[Records from a dataset]
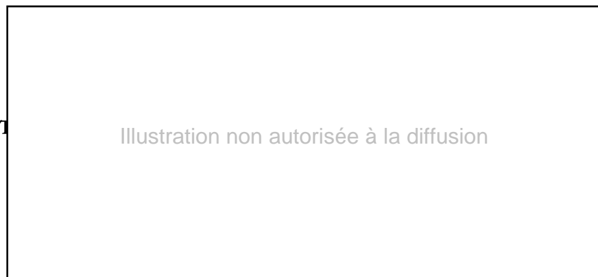
Illustration non autorisée à la diffusion
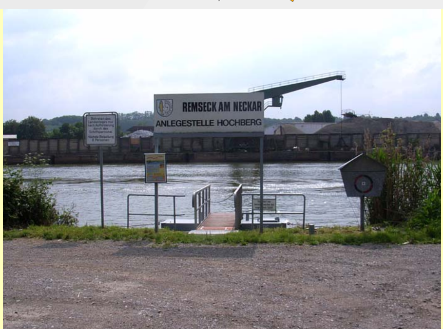
3 Die Anlegestelle "Hochberg" bei Remseck besitzt keine Aufenthaltsqualität und liegt direkt an einer stark befahrenen Straße
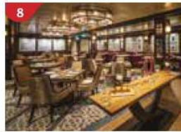
Bistro By Mark Best Relish contemporary Western cuisine from the internationally-acclaimed Australian chef.
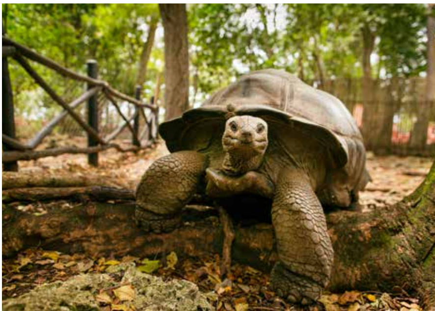
Tartaruga nel Santuario di Prison Island.

sita inaspettata delle tartarughe giganti di Prison Island. La Prison Island nota anche come Changuu Island, è una piccola isola situata a circa 6 km a nord-ovest di Stone Town, a Zanzibar, famosa per ospitare un santuario di tartarughe giganti di Aldabra e le rovine di un'antica prigione. Inizialmente fu destinata al confino, l'isola è poi diventata popolare per l'attrazione turistica per la natura incontaminata, lo snorkeling e le testimonianze storiche. L'atollo di sabbia corallina bianchissima emerge solo durante la bassa marea, creando un paesaggio suggestivo che viene sommerso dalle acque cristalline. L'isola ospita un santuario con tartarughe giganti di Aldabra, alcune delle quali hanno oltre 100 anni e pesano diversi quintali. Gli esemplari furono portati dalle Seychelles alla fine del XIX secolo. La prigione invece fu costruita nel 1893, era intesa per detenuti, ma in realtà non fu mai utilizzata per questo scopo, servendo invece come sta-
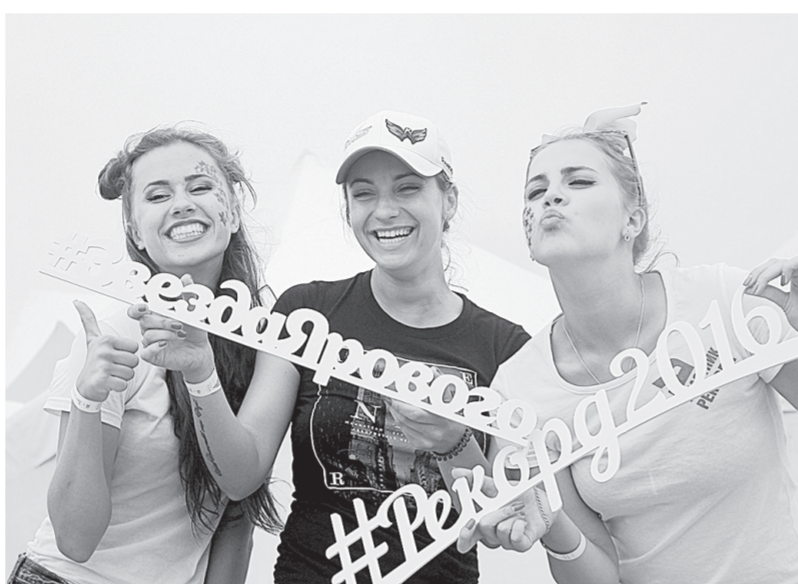
На пляже каждый мог сфотографироваться с аниматорами.

кету и получить белый браслет на руку с надписью «Я – звезда Ярового». К полудню на двух пляжах уже зарегистрировали более 1000 человек. Тамара Бортникова добавляет:
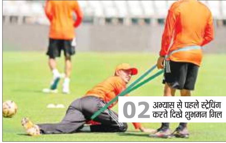
02 अभ्यास से पहले स्ट्रेचिंग करते दिखे शुभमन गिल
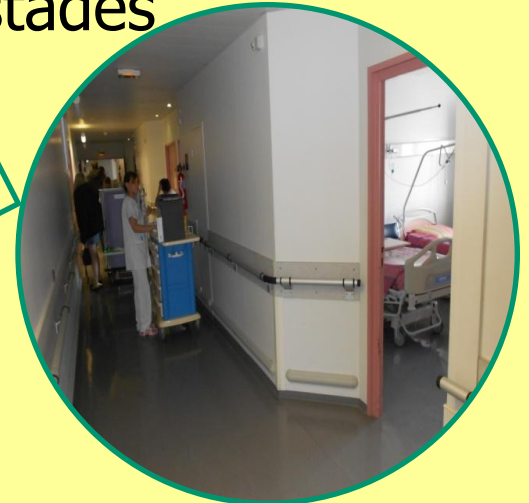
Service de soins continus Kit d'urgence et suivi
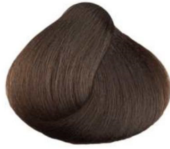
5.032 cioccolato medio medium chocolate chocolat moyen chocolate medio شيكولاته متوسط
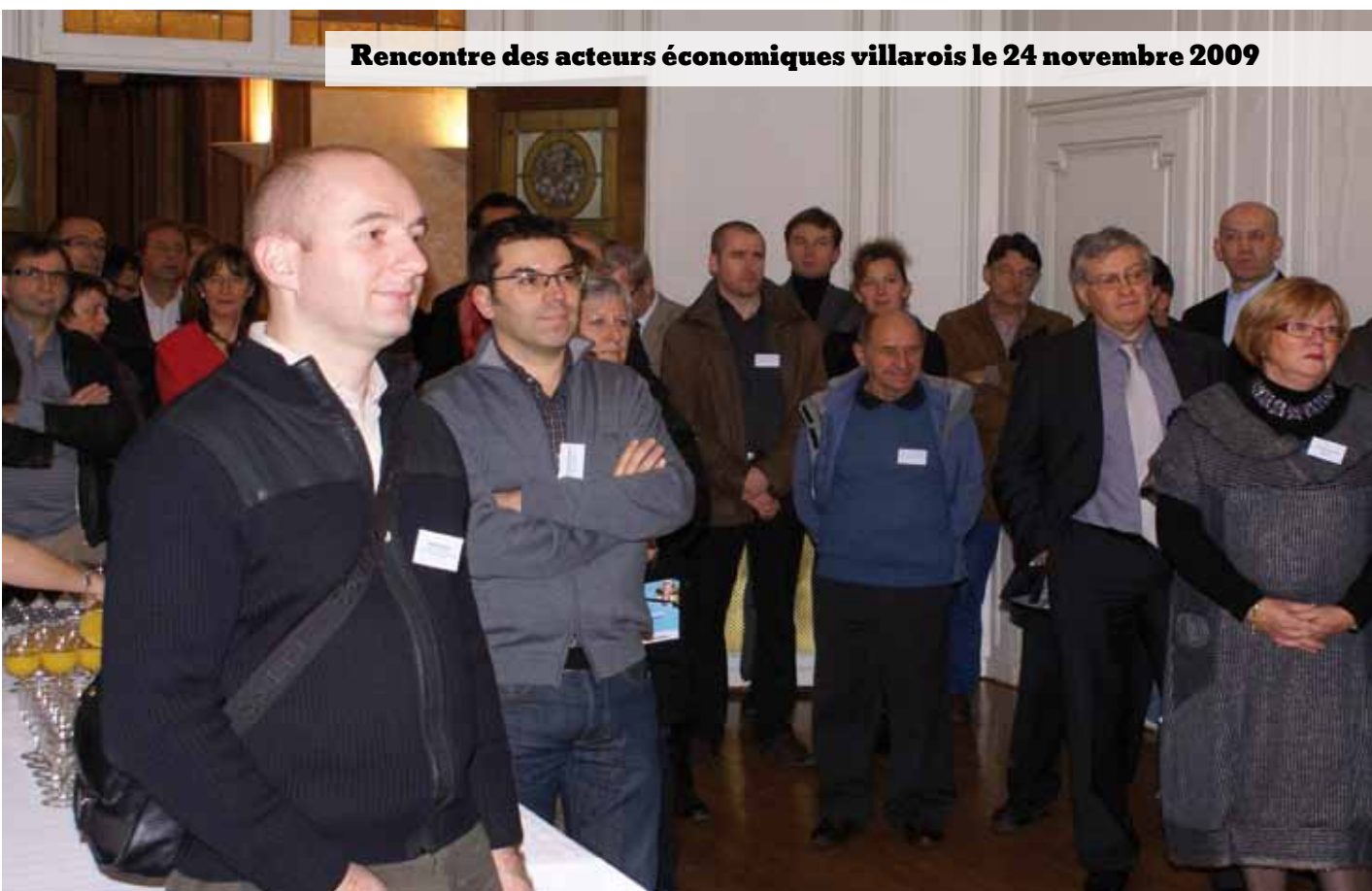
Rencontre des acteurs économiques villarois le 24 novembre 2009

Par ailleurs, la municipalité enverra en début d'année un questionnaire sur les jobs d'été, avec la volonté, à travers l'envoi de ce questionnaire, de faciliter la liaison entre l'offre et la demande. De nombreux jeunes Villarois recherchent en effet tous les ans des stages ou des jobs d'été.
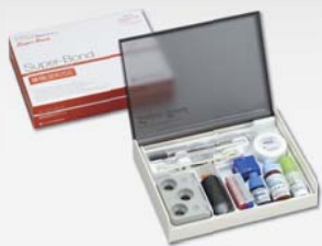
スーパーボンド 筆積混和SEセット

説明会希望製品を以下よりお選びいただき、FAXまたはお出入りの歯科商店様までご連絡下さい。
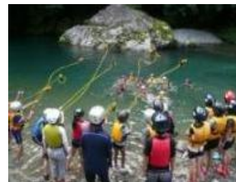
水辺の安全利用講習
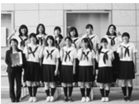
四国合唱コンクール出演後 高知市文化プラザかるぼーと前にて

7月23日に行われた第65回全日本合唱コンクール徳島県大会では「Agnus Dei(神の子羊)」「Lauda Sion(シオンよ、汝の救い主をたたえよ)」の2曲を美しい歌声で演奏し、みごと金賞に輝きました。そして9月1日、高知市文化プラザかるぼーとで行われた四国合唱コンクールに徳島県代表として出場し、銀賞を受賞することができました。
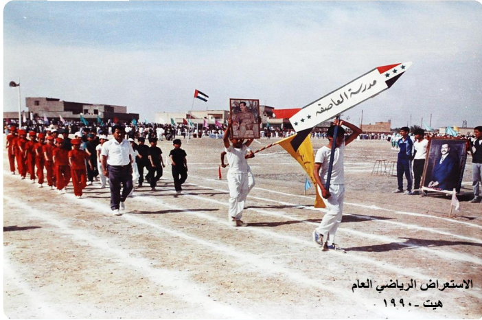
الاستعراض الرياضي العام هيت - ١٩٩٠
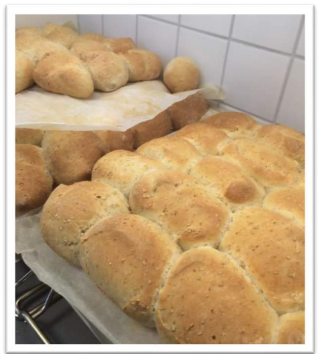
"Hjemmebakte rundstykker hver fredag er for mange et høydepunkt"

Vi har egen kantine i 2. etasje hvor alle spiser sammen. Vi har lagt opp til at barna kan spise når de selv vil. Derfor åpner kjøkkenet klokken 14.00 og stenger ca. 15.30. På den måten slipper barna å bryte opp lek eller aktiviteter for å gå og spise. Alle de voksne er flinke til å minne elevene om å gå og spise. Hvis det er noen elever som ikke spiser på AKS over tid vil vi ta kontakt med hjemmene. I starten vil 1. trinn spise og gjøre aktiviteter sammen til fastsatte tider.
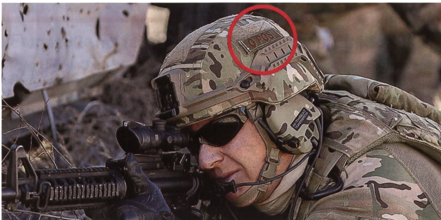
Wie wichtig die Blutgruppe ist, zeigt die moderne Lösung: Angaben auf dem Helm.
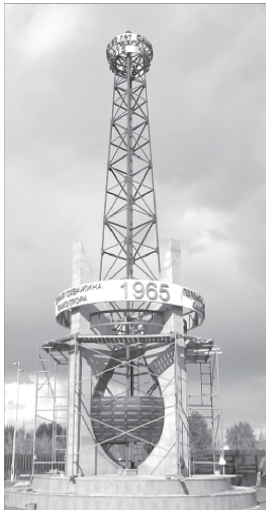
Заканчивается строительство нового мемориального комплекса на первой скважине Самотлора Р-1.
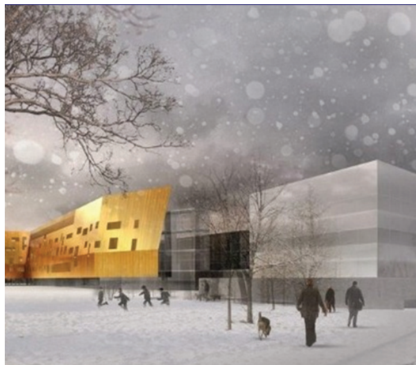
▲ Wizualizacja planowanego Centrum Obsługi Inwestora przy ul. Centralnej.
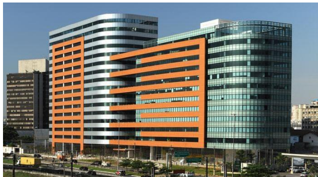
Figura 4: Fachada principal do empreendimento W Torre Nações Unidas

O empreendimento Torre Nações Unidas (figura 4), projetada pelo escritório Edo Rocha Arquitetura possui certificação LEED prata e teve como foco em sua concepção um direcionamento sustentável aos fatores energéticos e hidráulicos, reunindo uma série de atributos que contribuíram para o reconhecimento internacional dados pela certificação LEED concedida pelo USGBC e pelo Prêmio Master Imobiliário 2008 para Soluções de Arquitetura em Design Corporativo.
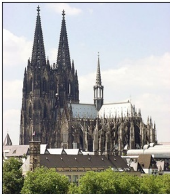
Mogočna kölnska katedrala, katere zvonika (dograjena sicer šele v 19. stoletju) merita v višino 157 metrov.
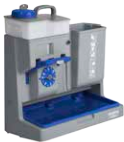
Art. P310100UA Equodose avec 1 réservoir de 6 L avec bouchon bleu Equodose mit 1 Tank 6 L mit blauem Schraubverschluss
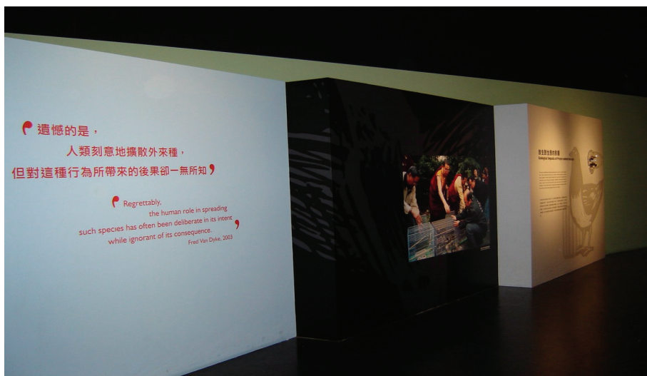
圖 7 《外來種》特展中介紹人類放生行為造成外來種任意的擴散，但我們對這種行為所帶來的災難卻一無所知

我們生活在一個動盪不安的地球上，各種自然地質變化都會造成很大的災難，再加上人類發展所衍生的各種環境災害，都影響著人類未來的永續發展。面對這些議題，現代博物館必須更積極地扮演溝通媒介的角色，勇敢面對爭議性議題，規劃發展相關的詮釋性展示和教育活動（也應融入各館的環境教育課程中），扮演一個對話的平臺，讓社會大眾不是只有記住表面的科學事實，也不單單看到恐嚇式的內容，而是朝向平衡敘事和融入社會議題，協助參觀者建構展示背後的意義，引發思考和促進參與公共政策的對話，才能真正地提升每個人的「國民科學素養」，進而影響其生活態度與行動，形成具有深度意義的博物館溝通。
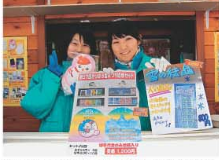
售賣紀念品的朋友，正在落地地推銷雪祭的特別版郵票。

**Task to carry out:**
Once the pictures are removed, set down what remains of the entries above exactly.

**Output:**
Illustration non autorisée à la diffusion
3 Die Anlegestelle "Hochberg" bei Remseck besitzt keine Aufenthaltsqualität und liegt direkt an einer stark befahrenen Straße
Bistro By Mark Best Relish contemporary Western cuisine from the internationally-acclaimed Australian chef.
Tartaruga nel Santuario di Prison Island.

sita inaspettata delle tartarughe giganti di Prison Island. La Prison Island nota anche come Changuu Island, è una piccola isola situata a circa 6 km a nord-ovest di Stone Town, a Zanzibar, famosa per ospitare un santuario di tartarughe giganti di Aldabra e le rovine di un'antica prigione. Inizialmente fu destinata al confino, l'isola è poi diventata popolare per l'attrazione turistica per la natura incontaminata, lo snorkeling e le testimonianze storiche. L'atollo di sabbia corallina bianchissima emerge solo durante la bassa marea, creando un paesaggio suggestivo che viene sommerso dalle acque cristalline. L'isola ospita un santuario con tartarughe giganti di Aldabra, alcune delle quali hanno oltre 100 anni e pesano diversi quintali. Gli esemplari furono portati dalle Seychelles alla fine del XIX secolo. La prigione invece fu costruita nel 1893, era intesa per detenuti, ma in realtà non fu mai utilizzata per questo scopo, servendo invece come sta-
На пляже каждый мог сфотографироваться с аниматорами.

кету и получить белый браслет на руку с надписью «Я – звезда Ярового». К полудню на двух пляжах уже зарегистрировали более 1000 человек. Тамара Бортникова добавляет:
02 अभ्यास से पहले स्ट्रेचिंग करते दिखे शुभमन गिल
Service de soins continus Kit d'urgence et suivi
5.032 cioccolato medio medium chocolate chocolat moyen chocolate medio شيكولاته متوسط
Rencontre des acteurs économiques villarois le 24 novembre 2009

Par ailleurs, la municipalité enverra en début d'année un questionnaire sur les jobs d'été, avec la volonté, à travers l'envoi de ce questionnaire, de faciliter la liaison entre l'offre et la demande. De nombreux jeunes Villarois recherchent en effet tous les ans des stages ou des jobs d'été.
スーパーボンド 筆積混和SEセット

説明会希望製品を以下よりお選びいただき、FAXまたはお出入りの歯科商店様までご連絡下さい。
水辺の安全利用講習
四国合唱コンクール出演後 高知市文化プラザかるぼーと前にて

7月23日に行われた第65回全日本合唱コンクール徳島県大会では「Agnus Dei(神の子羊)」「Lauda Sion(シオンよ、汝の救い主をたたえよ)」の2曲を美しい歌声で演奏し、みごと金賞に輝きました。そして9月1日、高知市文化プラザかるぼーとで行われた四国合唱コンクールに徳島県代表として出場し、銀賞を受賞することができました。
الاستعراض الرياضي العام هيت - ١٩٩٠
"Hjemmebakte rundstykker hver fredag er for mange et høydepunkt"

Vi har egen kantine i 2. etasje hvor alle spiser sammen. Vi har lagt opp til at barna kan spise når de selv vil. Derfor åpner kjøkkenet klokken 14.00 og stenger ca. 15.30. På den måten slipper barna å bryte opp lek eller aktiviteter for å gå og spise. Alle de voksne er flinke til å minne elevene om å gå og spise. Hvis det er noen elever som ikke spiser på AKS over tid vil vi ta kontakt med hjemmene. I starten vil 1. trinn spise og gjøre aktiviteter sammen til fastsatte tider.
Wie wichtig die Blutgruppe ist, zeigt die moderne Lösung: Angaben auf dem Helm.
Заканчивается строительство нового мемориального комплекса на первой скважине Самотлора Р-1.
▲ Wizualizacja planowanego Centrum Obsługi Inwestora przy ul. Centralnej.
Figura 4: Fachada principal do empreendimento W Torre Nações Unidas

O empreendimento Torre Nações Unidas (figura 4), projetada pelo escritório Edo Rocha Arquitetura possui certificação LEED prata e teve como foco em sua concepção um direcionamento sustentável aos fatores energéticos e hidráulicos, reunindo uma série de atributos que contribuíram para o reconhecimento internacional dados pela certificação LEED concedida pelo USGBC e pelo Prêmio Master Imobiliário 2008 para Soluções de Arquitetura em Design Corporativo.
Mogočna kölnska katedrala, katere zvonika (dograjena sicer šele v 19. stoletju) merita v višino 157 metrov.
Art. P310100UA Equodose avec 1 réservoir de 6 L avec bouchon bleu Equodose mit 1 Tank 6 L mit blauem Schraubverschluss
圖 7 《外來種》特展中介紹人類放生行為造成外來種任意的擴散，但我們對這種行為所帶來的災難卻一無所知

我們生活在一個動盪不安的地球上，各種自然地質變化都會造成很大的災難，再加上人類發展所衍生的各種環境災害，都影響著人類未來的永續發展。面對這些議題，現代博物館必須更積極地扮演溝通媒介的角色，勇敢面對爭議性議題，規劃發展相關的詮釋性展示和教育活動（也應融入各館的環境教育課程中），扮演一個對話的平臺，讓社會大眾不是只有記住表面的科學事實，也不單單看到恐嚇式的內容，而是朝向平衡敘事和融入社會議題，協助參觀者建構展示背後的意義，引發思考和促進參與公共政策的對話，才能真正地提升每個人的「國民科學素養」，進而影響其生活態度與行動，形成具有深度意義的博物館溝通。
售賣紀念品的朋友，正在落地地推銷雪祭的特別版郵票。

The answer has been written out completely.